神戸大工学部建設学科を卒業後、1997年4月に東畑建築事務所に入社し、構造設計部門で経験を積んできた。独立したのは2006年だった。地道に活動を続ける中で取引先や知人を通してBIMの存在を知った。「最初は3次元のツールという認識でしかなかったが、調べていくうちに『I』(インフォメーション)の部分の重要性を知り、これは構造設計に生かせる」とかじを切った。
それまでオートデスクの汎用CAD『AutoCAD』を使っていたが、思い切ってBIMソフト『Revit』を導入し、社内でトレーニングを重ねながら着実にスキルを磨いてきた。「こんなにもワークフローが異なるとは思いもしなかった」。業務を通して、作業の流れ方が大きく異なることを実感した。
これまでは、設計変更への対応に合わせ、構造計算モデルと構造図の両方を修正する手間が課題としてあった。
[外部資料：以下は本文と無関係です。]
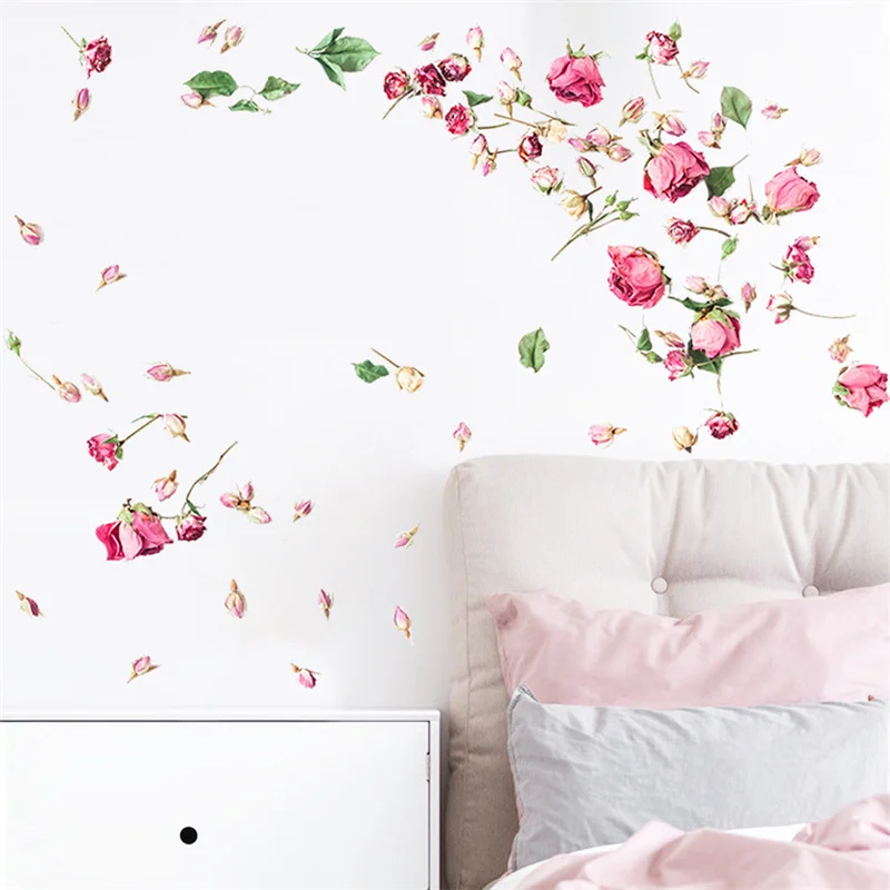 Красивые летающие розы настенные стикеры художественные наклейки для спальни гостиной фон декоративные обои домашняя роспись цветы стикер s
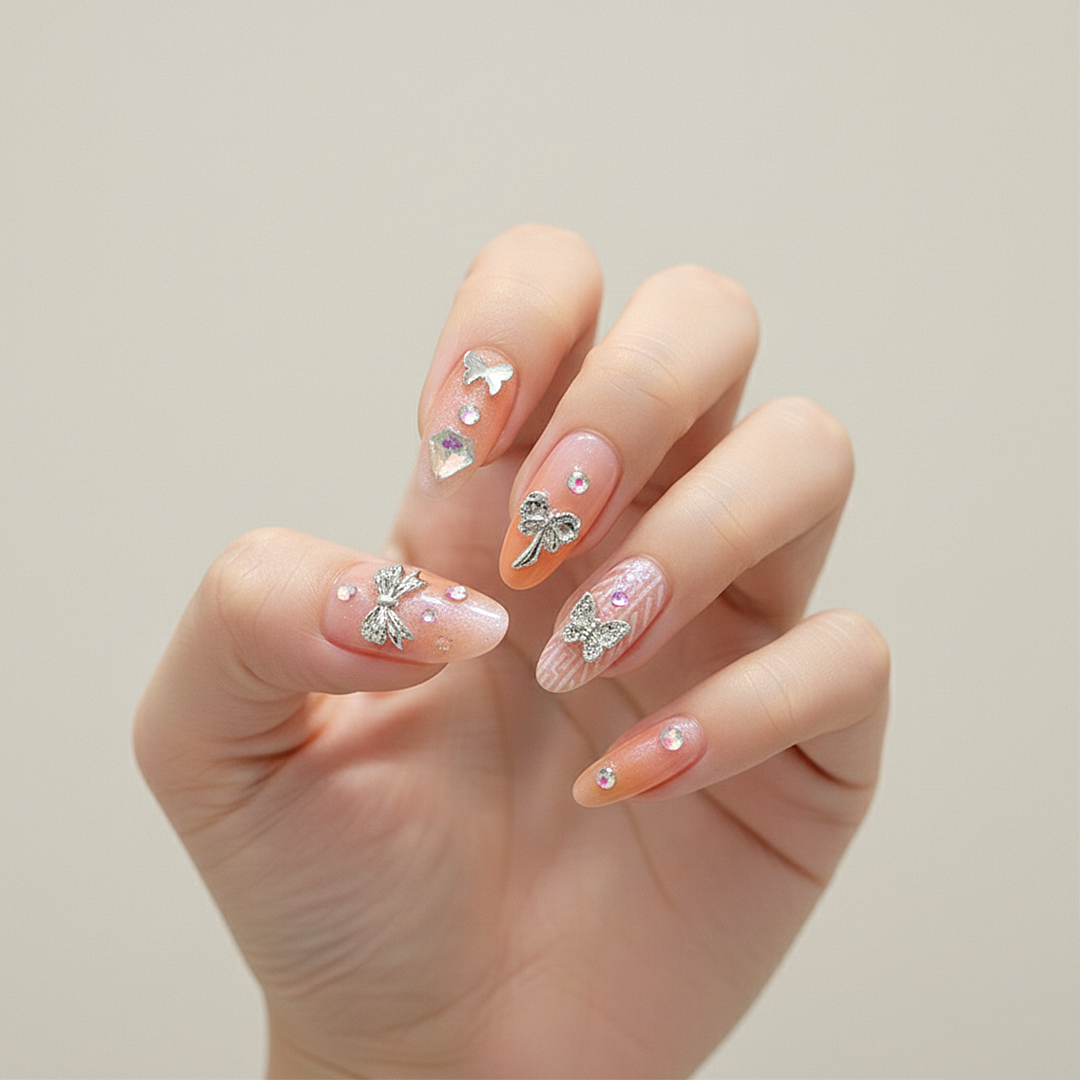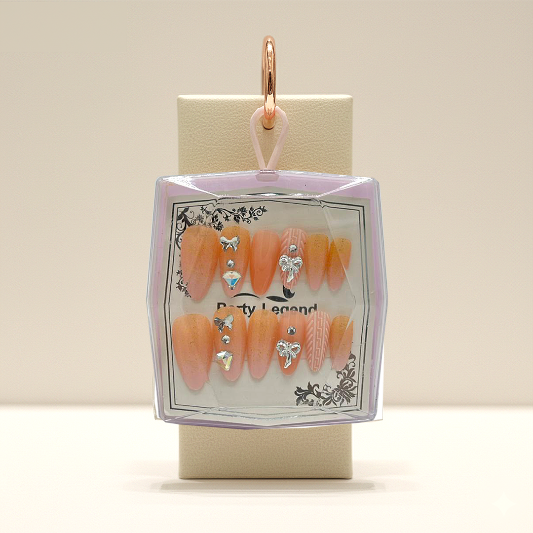 Infuse your style with warmth and sparkle using this delightful press-on nail set. Featuring a shimmery peachy-orange base, these nails are adorned with elegant crystal bows, a striking iridescent gem, and a cozy knitted texture design, offering a charming and unique manicure.

BIMは設計当初にしっかりとモデルをつくり込むため、前段階の業務量は従来に比べて増えるものの、モデルが構築できれば、頻繁にある設計変更への対応も円滑に進められる。武居氏は「以前と比べてスケジュール感は大きく変わった」との印象を強く持っている。
実プロジェクトでBIMにトライしたのは、18年に手掛けたプロジェクトが最初となった。オフィスや倉庫など複数の建物で構成するプロジェクトであったが、建物構造はシンプルで初めてBIMにトライする業務としては入りやすかった。設計者はBIMを導入しており、協力事務所として初めてRevitで構造の伏図、軸組図、断面リストなど一般図の全てを描き切った。
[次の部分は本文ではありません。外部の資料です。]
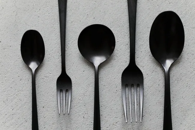 ステンレスの黒染め!新しい食卓を彩る「96[KURO]」カトラリー
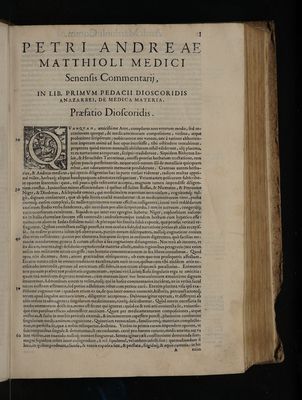 Commentarii in sex libros Pedacii Dioscoridis Anazarbei de medica materia / jam denuo ab ipso autore recogniti, et locis plus mille aucti. Adjectis plantarum, et animalium iconibus, supra priores editiones longe pluribus, ad vivum delineatis. Accesserunt quoque ad margines Graeci contextus quam plurimi, ex antiquissimis codicibus desumpti, qui Dioscoridis ipsius depravatam lectionem restituunt.
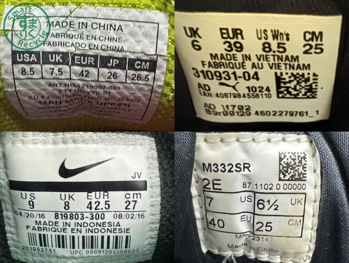 【詳細】 アンダーアーマー プーマ ナイキ ニューバランス 他 合計15点以上 ※写真に写っているものが全てです。 ※まとめ売り商品のため、個別のご質問には対応いたしかねます。 中古品です。 サイズや状態は様々です。 ※24cm台~27cm台のサイズ展開となっております。 23cm台以下の小さいサイズや28cm以上の大きいサイズも含まれる可能性がございます。予めご了承ください。 まとめ売りのため採寸や細かい検品はしておりません。 経年・使用・長期保管に伴う品質の劣化・汚れ、傷、シミ、カビ、擦れなどのダメージがございます。 また、名前の記載や、生地やソールが剥がれて欠損しているもの、べた付きやにおいがするものなど、状態が非常に悪い商品が含まれている可能性があります。現状でのお渡しとなります。 そのためジャンク品として出品致します。 ジャンク品についてはいかなる場合でも返品はお受けできません。 ご承知の上、ご入札ください。 まとめ売りのため個別梱包はしておりません。 まとめて簡易梱包にて発送になります。 予めご了承ください。 ■商品の状態ランク:D ※あくまでも目安としてお考え下さい ●中古ランク表示● N= 新品 S= 新品同様品・未使用品 A= 中古品 キズ・汚れ少・使用感があるが比較的程度が良い B= 中古品 キズ・汚れがある C= 中古品 キズ・汚れ多・かなり使用感がある D= 中古品 難あり・ジャンク・破損あり・動作確認不可・要修理 ※来店引取りの場合は落札日から7営業日以内でお願い致します。 期限を過ぎた場合はキャンセルとさせて頂きますのでご了承ください。 ※営業日は商品ページの休業日カレンダーをご確認ください。 | |||
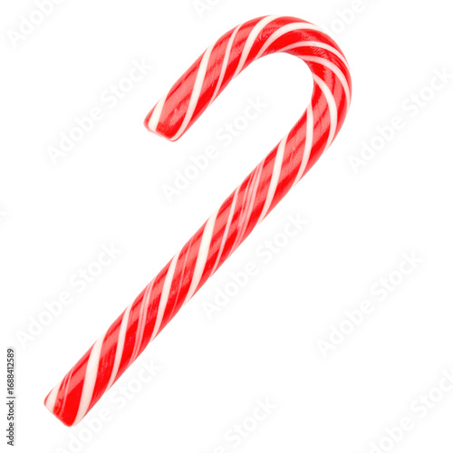 Red and white striped candy cane with a curved hook shape, commonly associated with Christmas and holiday celebrations
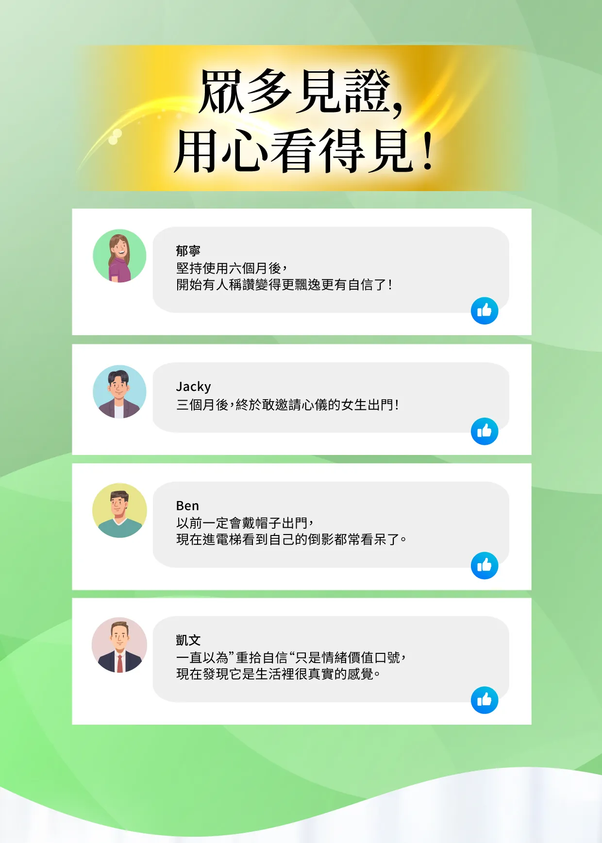 四大草本成分:結合古代黃金配方與現代植萃科技,自然呵護。
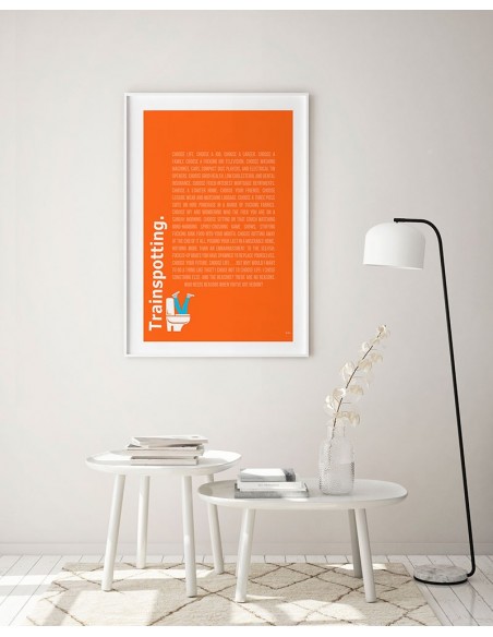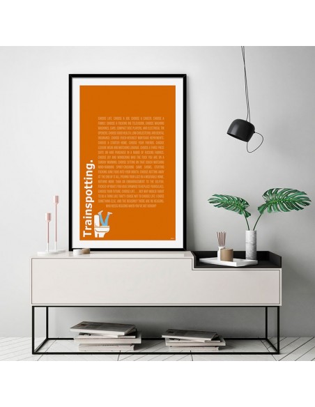 Reproducción de la obra del artista Vincent Hede. Cuadro decorativo Trainspotting con fondo naranja. Disponible en varios tamaños
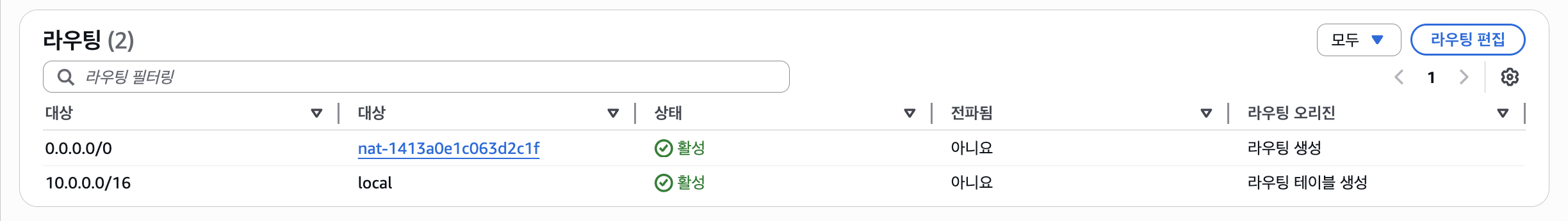 0.0.0.0(인터넷) 라우팅을 만든 NAT Gateway로 설정하면 된다.

この成果が次につながる大きな一歩になった。「いまでは業務の半分ほどをBIMで手掛けるまでに広がった」と明かす。協力事務所として活動する同社では、構造設計者がBIMを使う場合は全てBIMで対応している。構造設計者がBIMを使用せず、2次元図面のみを求められる場合でも納期に余裕があれば極力BIMで対応し、BIMモデルから2次元図面を出力している。「将来的には全てBIMで対応していきたい」との思いを持っている。
導入から4年が経過し、作業のスピード感も「2次元に追いついてきた」と手応えを口にする。「これからはBIMで できることを一つずつ着実に増やしていく。現在は モデルから詳細図をきちんと出力できるようにトライしている」と強調する。オートデスクの自動化プログラミングツール『Dynamo』の勉強も始めた。構造設計者にとって BIMは効率化の手段であるため、自動設計で対応できる部分は 効率化しながら「業務を楽しめるツールとして確立していきたい」と考えている。